気付けば自分は小屋の中のベッドで寝ていて、ポニーテールの見知らぬ少女が俺の顔を覗き込んでいるところだった。
「……だ、誰だ……?」
「よかった、起きたんだね! 薬草を煎じたものを飲ませるから、じっとしててね」
「……」
小屋へ入ろうとして倒れたのは覚えてるが、それ以降は記憶がない。
この子は勝手にここへ入ったんだろうか? 使用人の格好をしてるがとても小柄だし、小さな子供が迷い込んできた可能性もある。
「あんた、迷子の領民か?」
「違うよ。

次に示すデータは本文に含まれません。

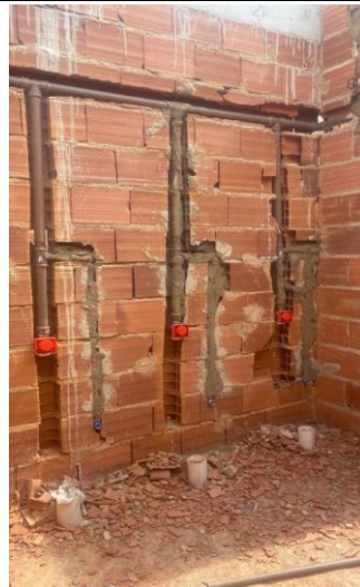
Foto 24 - Execução dos pontos de água fria e respectivos esgotos, válvula de descarga 1.1/2" instalados, no banheiro sanitário infantil 3 e 4 do Bloco B.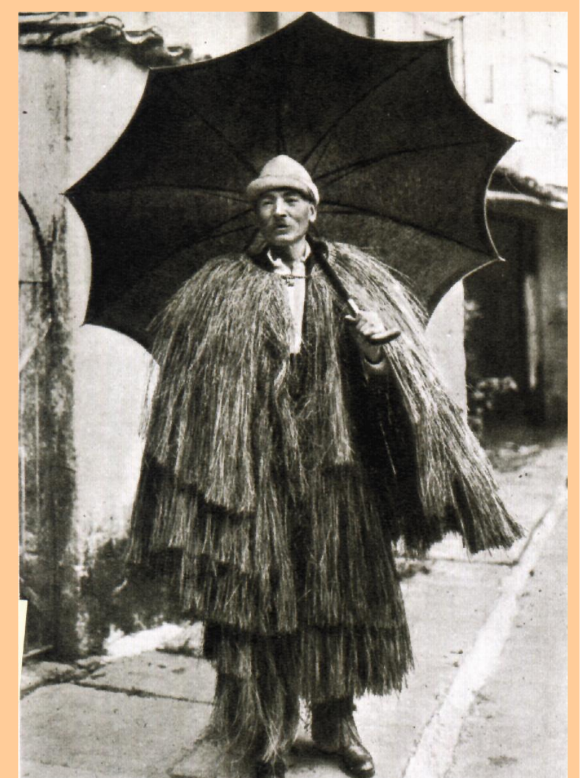
ARTESANÍA DA CHUVIA A corozá é unha prenda feita de xuncos ou palla construída de xeito que a auga esvara por ela. Foi moi empregada na montaña.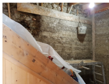
Béton de lavande banché sur la façade nord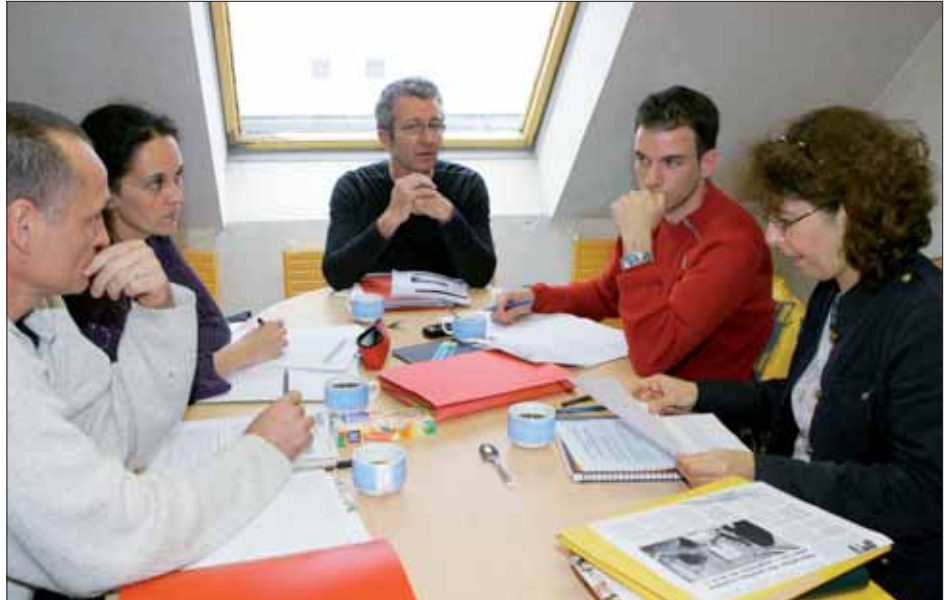
La Ville travaillera avec les partenaires présents auprès des jeunes, en complément, pour renforcer les actions menées.

Le dispositif s'adresse à des jeunes qui connaissent des fragilités, qui ne vont pas bien pour différentes raisons et risquent de décrocher. Il se mettra en place en étroit lien avec les familles. L'entrée dans le dispositif de Réussite Éducative leur sera proposée par les professionnels. L'équipe Réussite Éducative établira un diagnostic, identifiera les difficultés, et imaginera des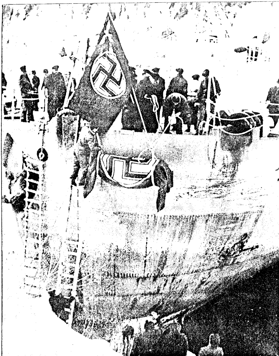
Engelskmennenes angrep på Altmark i Jøssingfjorden gjorde Adolf Hitler så rasende at han flukstens bestemte seg for å iverksette et angrep på Norge.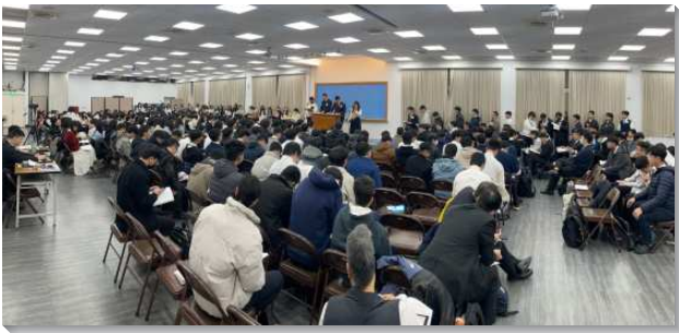
▲大學聖徒冬季現場訓練在三會所舉行

本次訓練的主題是『經歷、享受並彰顯基督（二）』，從羅馬書到以弗所書中來看，基督是大衛的後裔，是神的獨生子穿上人性成了神人，在復活裏生為神的長子，我們也在這一個出生裏成為神的眾子；藉著生命之靈在我們裏面運行，我們能在生活中經歷並享受基督，至終成為愛並成為光，就是成為神；並成為祂團體的身體，穿上軍裝與祂一同站住與仇敵爭戰。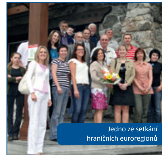
Jedno ze setkání hraničních euroregionů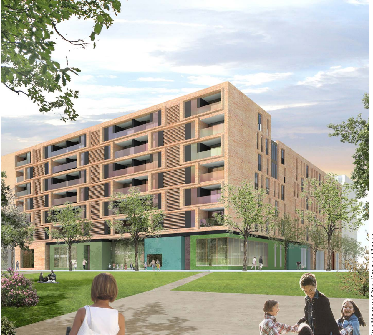
Visualisierungen: Störmer Murphy and Partners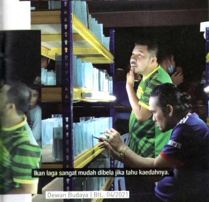
Ikan laga sangat mudah dibela jika tahu kaedahanya.

Disebabkan oleh minat yang mendalam terhadap ikan laga, pernah terjadi seorang lelaki melepaskan kerjayanya sebagai pensyarah tetap di sebuah universiti.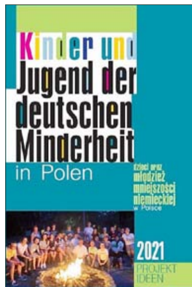
Die neue Broschüre des VdG richtet sich an die junge Generation.

Vor Kurzem hat der Verband der deutschen Gesellschaften in Polen eine Broschüre für die junge Generation herausgegeben. Der Titel „Kinder und Jugend der deutschen Minderheit in Polen. Projektideen 2021“. Die Broschüre richtet sich, wie der Titel schon andeutet, an Kinder, Jugendliche, Lehrer und Betreuer. Das Infoblatt wurde mit dem Ziel erstellt, jungen Angehörigen der deutschen Minderheit in Polen die Tätigkeit der DMI-Organisationen im Bereich Kinder- und Jugendarbeit näher zu bringen. In der Broschüre findet man mehrere Projektvorschläge, Aktivitä-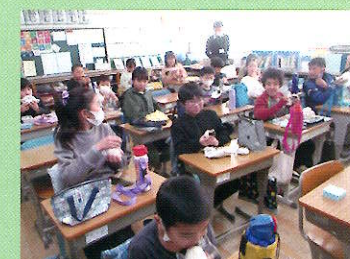
お弁当の日(おにぎりづくり)

お弁当の日(おにぎりづくり)等を実施し、児童自身が食事を作る活動を通して、食の大切さについて理解を深めさせ、感謝の心を育てます。

私、こう見えて13歳なんだから」
「俺と同い年だったのか。失敬」
「へえ、同じなんだ! 私ね、モコって言って、この小屋で住み込みで働いてるの」
「えぇ? モラッドが雇ったのか」
「うん……って、モラッド様を知ってるんだ! じゃあ、あの方の知り合いなんだね」
「あ、ああ。モラッドはどこへ……?」
「モラッド様はね、多分狩りかな。ここで待っていればいずれ戻ってくると思うから、それまで待っててね」
「わかった」
「ほら、できたから飲んで。薬草の煎じ薬!」
「あ、あぁ……」
モコという少女が火かき棒で暖炉からヤカンを取り出し、コップに注いで持ってきてくれた。
「……旨い」
「ふふっ。でしょー」
薬草は苦くて飲みにくいというイメージがあるかもしれないが、実際は苦みもあるものの普通に旨い。
俺にとっては馴染みの味でもある。前世じゃ疲労やストレスから口内炎に悩まされていたんだ。

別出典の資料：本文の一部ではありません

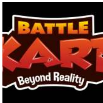
📍 1,4 km Battle-Kartbahn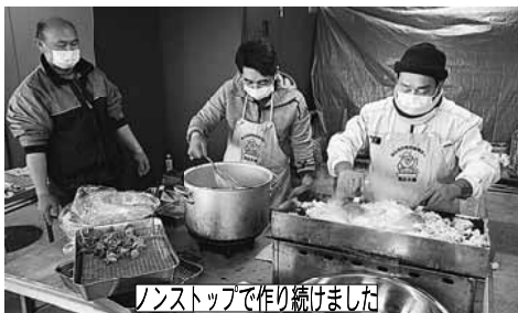
ノンストップで作り続けました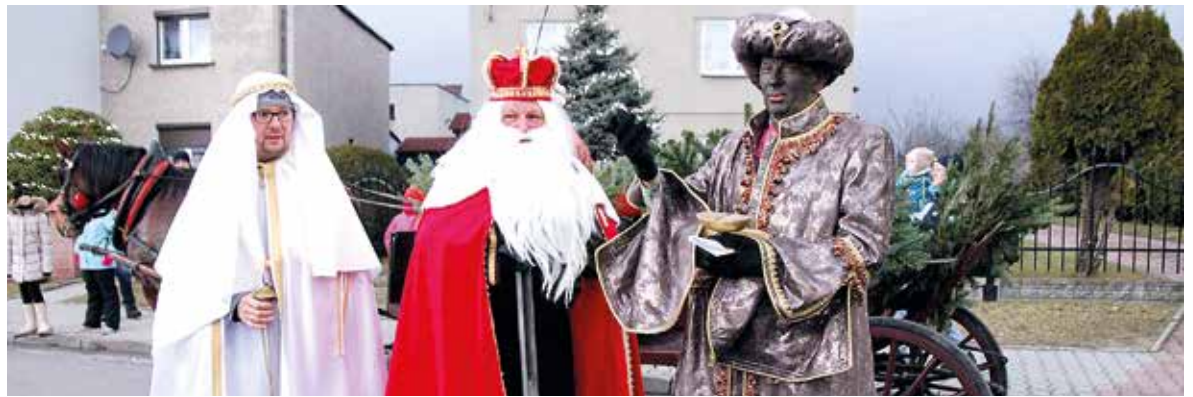
Trzej Królowie w Paniówkach.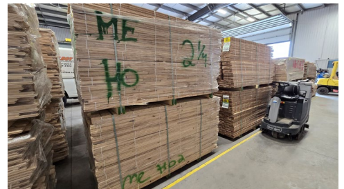
Chêne Pride 2" 1/4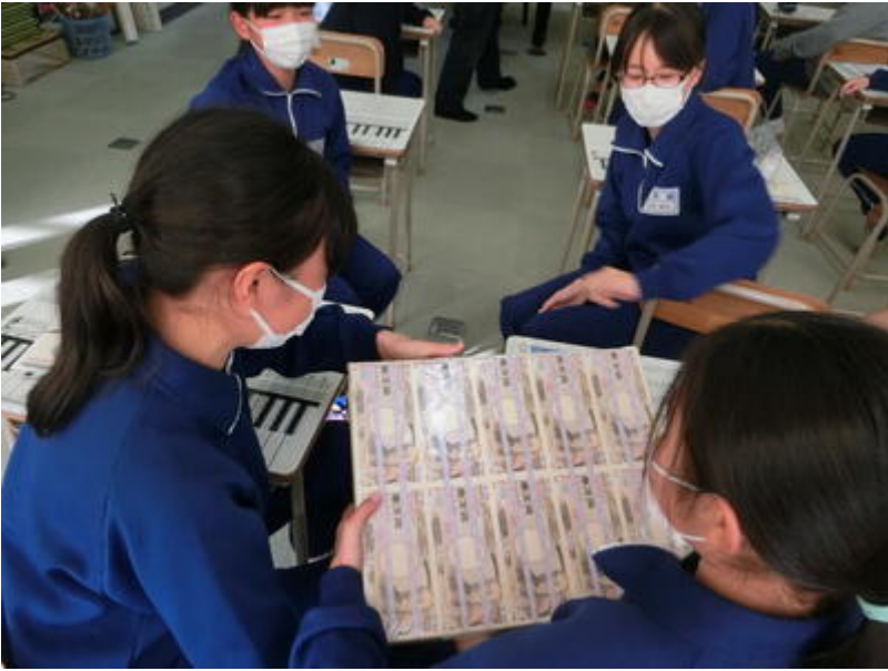
みんな興味津々です。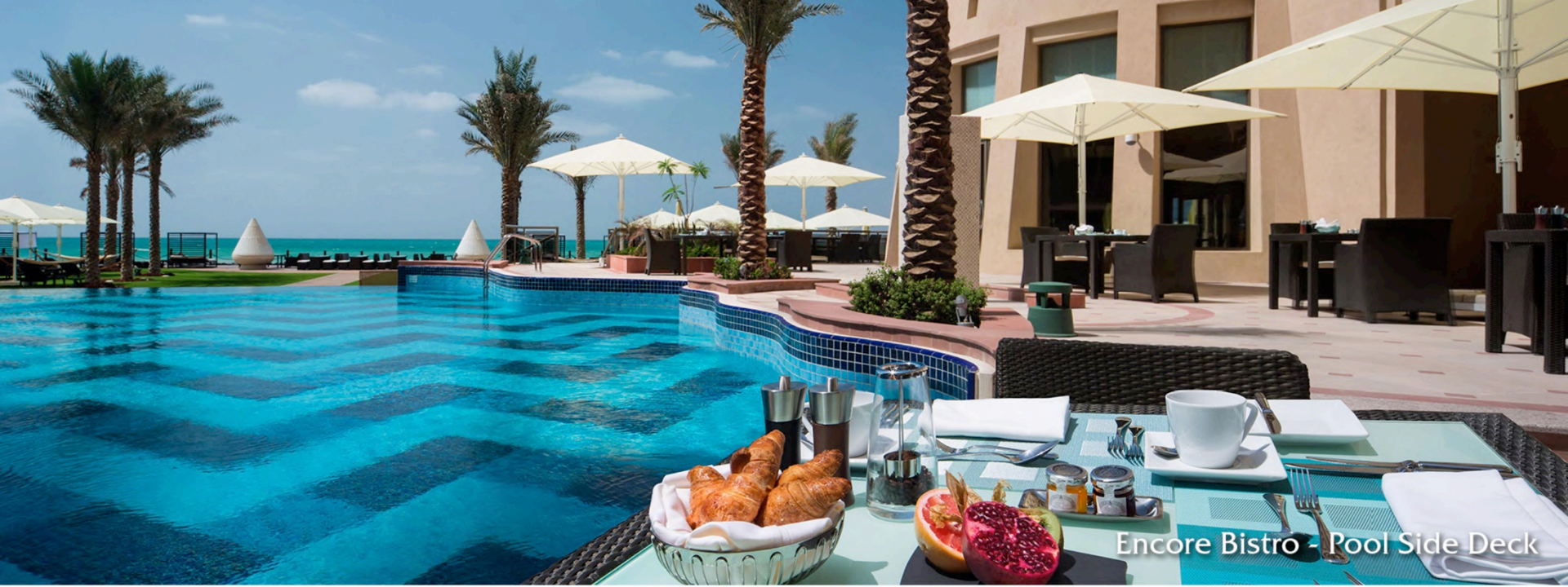
Encore Bistro - Pool Side Deck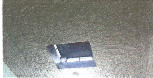
Foto 2. Impermeabilización de losa en área de 3.5*20.5 metros, incluye servicio de aplicación y material para 5 años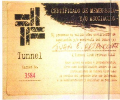
Carnet que debe acreditar cada socio.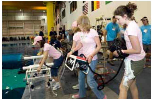
写真1 - ROV Competition (MATE のHP より)

これらのイベントにはスポンサーがついていて、International ROV Competition の場合、MTS、IEEE/OES、ウッズホール海洋研究所、スクリプス海洋研究所、モンレー湾水族館博物館、NASA、NOAA、NSF、米海軍などの公的機関に加えて、海底石油掘削関係の機器メーカー、AUV Competition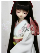
裾引き振袖薔薇SD・13SD D・DD共通サイ ズk-0300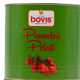
BC1615 Tomàquet pelat 3 Kg.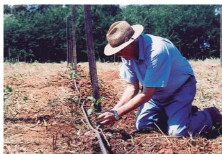
Intimidade com a terra e o interesse em plantar o maracujá seguindo novas técnicas

それを改善するために、ドクダミやはとむぎ、クコ茶や甘草、色んな種類のものを摂取していたってわけだ。
その独特の風味や味わい深さはこの異世界でも同じだった。
「ねえねえ、あなたのお名前はなんていうの?」
「俺はスランだ」
「スラン……いいお名前ね。どっかで聞いたことある気がするけど……忘れちゃった」
「そうか」
まあ領主の子だしな。目立った働きはしてないとはいえ、領民なら一度くらいは聞いたことがあるだろう。
「モコはずっとこの小屋の管理を任されてたのか?」
「うん。私は薬草を取りに出かけてて、帰ってきたらスランが小屋の入り口で倒れてたから、私のスキルで回復したんだよ」
「ということは、【治癒使い】スキルを持ってるのか」
「えー、なんでわかるの? ランクは一番下の微小だけどね、正解!」
「やっぱりそうか。【治癒使い】は気力を回復するなら定番のスキルだからな」
「ふーん。でもね、私のスキルだけじゃ足りないと思って、薬草を煎じてたんだ」
「なるほど。つまり、あんたのおかげで俺は回復できたってわけだ。ありがとう」
「どういたしまして! あ、スランって、もしかして私みたいにモラッド様に雇われたの?」
「ま、まあ雇用関係なのは間違いないかな……」
13歳の俺が逆に雇っているとは言いづらい空気だ。
「やっぱり! でも、スランって凄いね。領地がこんな酷い状態なのに、残るなんて」
「いや、それを言うならモコだって残ってるだろ? そっちこそ逃げなくていいのか?」
「私ね、こんな風に小柄でしょ? スキルも微妙だし。だから、雇ってくれるところなんてなくて。でも、モラッド様がそれでもいいって言ってくれて。それで、領地が危ない目に遭っても、ご恩に報いるために残ろうって」
「なるほどな。ということは、結構前から管理を任されてたのか」
「うん。ここにいないこともたまにあるけど、しっかりお片づけはしてたよ」
道理で生活感があったわけだ。モラッドは普段から多忙だから、この小屋の管理までは手が行き届かないはずだし。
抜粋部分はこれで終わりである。